Data excerpts:
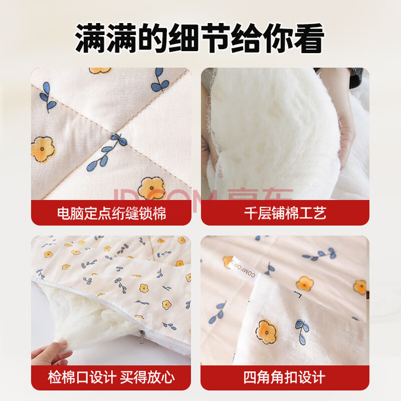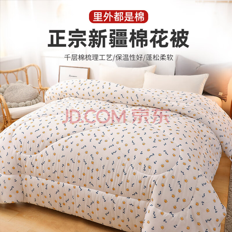 商品相册:梦诗娜 100%全棉被子新疆棉花被纯棉被芯棉被秋冬被5斤150x200cm花初晴第
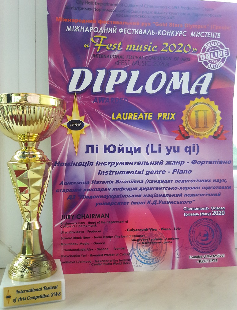 Студентка факультету музичної та хореографічної освіти ПНПУ імені К.Д. Ушинського Лі Юйци стала Лауреатом ІІ ступеню у номінації "Інструментальний жанр (фортепіано)" на Міжнародному фестивалі-конкурсі мистецтв "FEST MUSIC 2020", який пройшов 22-24 травня 2020 року в м.Чорноморськ.
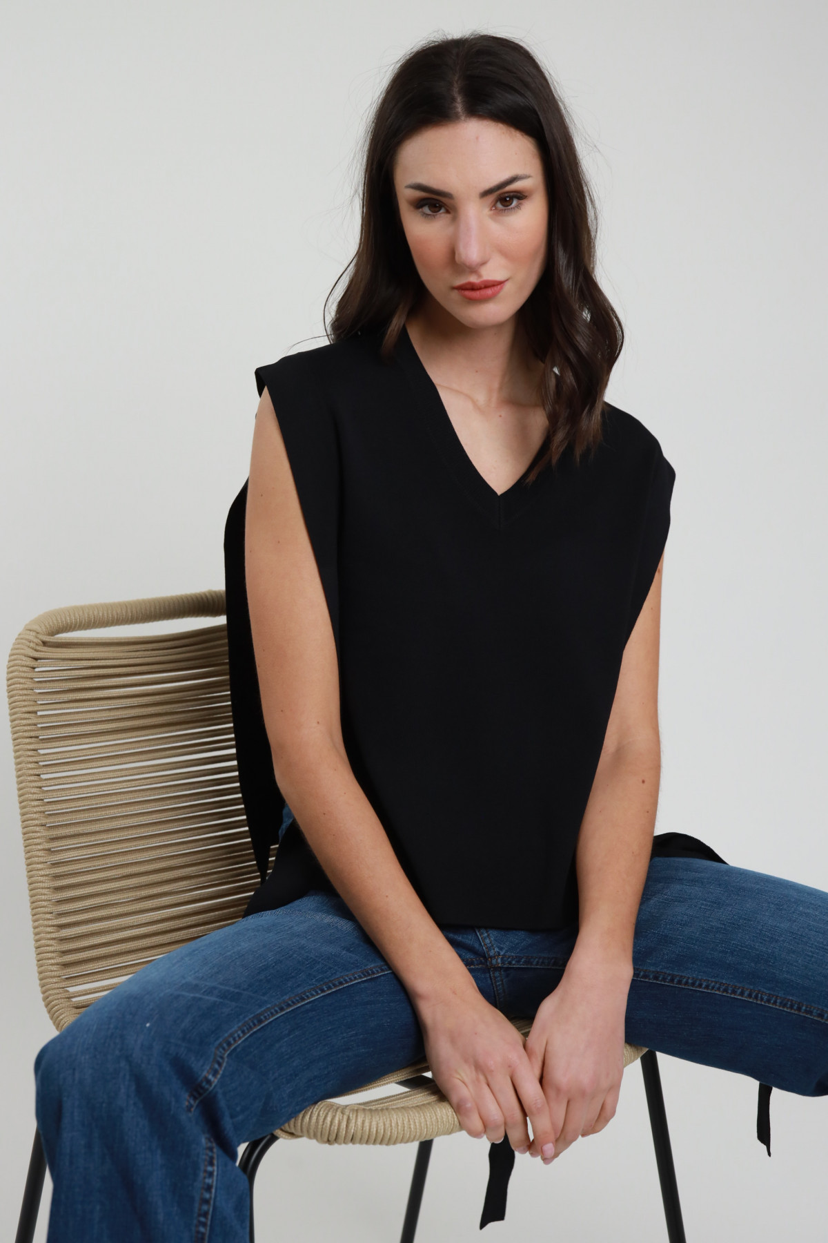 Gilet in Maglia con Lacci, Scollo V, Bordo Laterale Scollato.
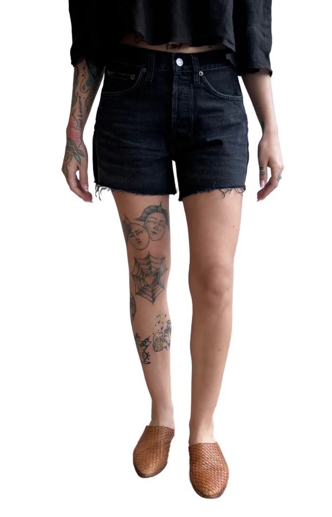 - The Parker Long shorts are crafted from non-stretch, regenerative cotton in a saturated black denim wash, complete with subtle whiskering for a lived-in look
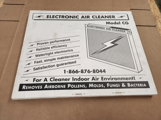 Polarized-Media Electronic Air Cleaner, 24Vac, 60 Hertz, 2 Watt, 20 x 20" x 1""
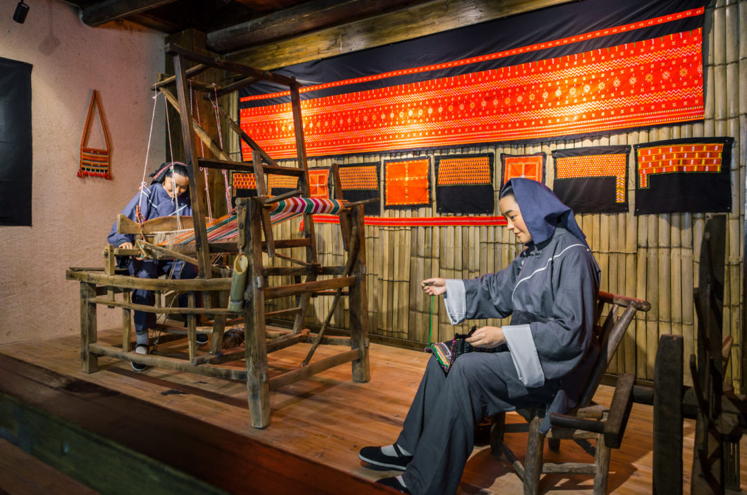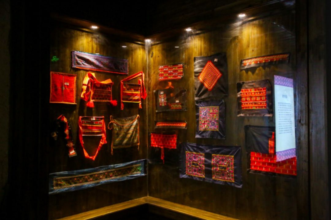陈列馆内展示有瑶乡发源、盘祖传说、瑶民变迁、盘王塑像、犬首图案神台、瑶族图腾,以及古瑶村的史实、县志、府志、族谱等历史证据,和千家峒古遗址的垒石文化地名图案、古瑶民的生活用品、捕猎器具等。

__AIM OF THE TASK__. Return verbatim every line from the line containing "- The Parker" to the last line of the entries above, inclusive, and leave out the pictures.

__SOLUTION BELOW__.
 - The Parker Long shorts are crafted from non-stretch, regenerative cotton in a saturated black denim wash, complete with subtle whiskering for a lived-in look
 Polarized-Media Electronic Air Cleaner, 24Vac, 60 Hertz, 2 Watt, 20 x 20" x 1""
陈列馆内展示有瑶乡发源、盘祖传说、瑶民变迁、盘王塑像、犬首图案神台、瑶族图腾,以及古瑶村的史实、县志、府志、族谱等历史证据,和千家峒古遗址的垒石文化地名图案、古瑶民的生活用品、捕猎器具等。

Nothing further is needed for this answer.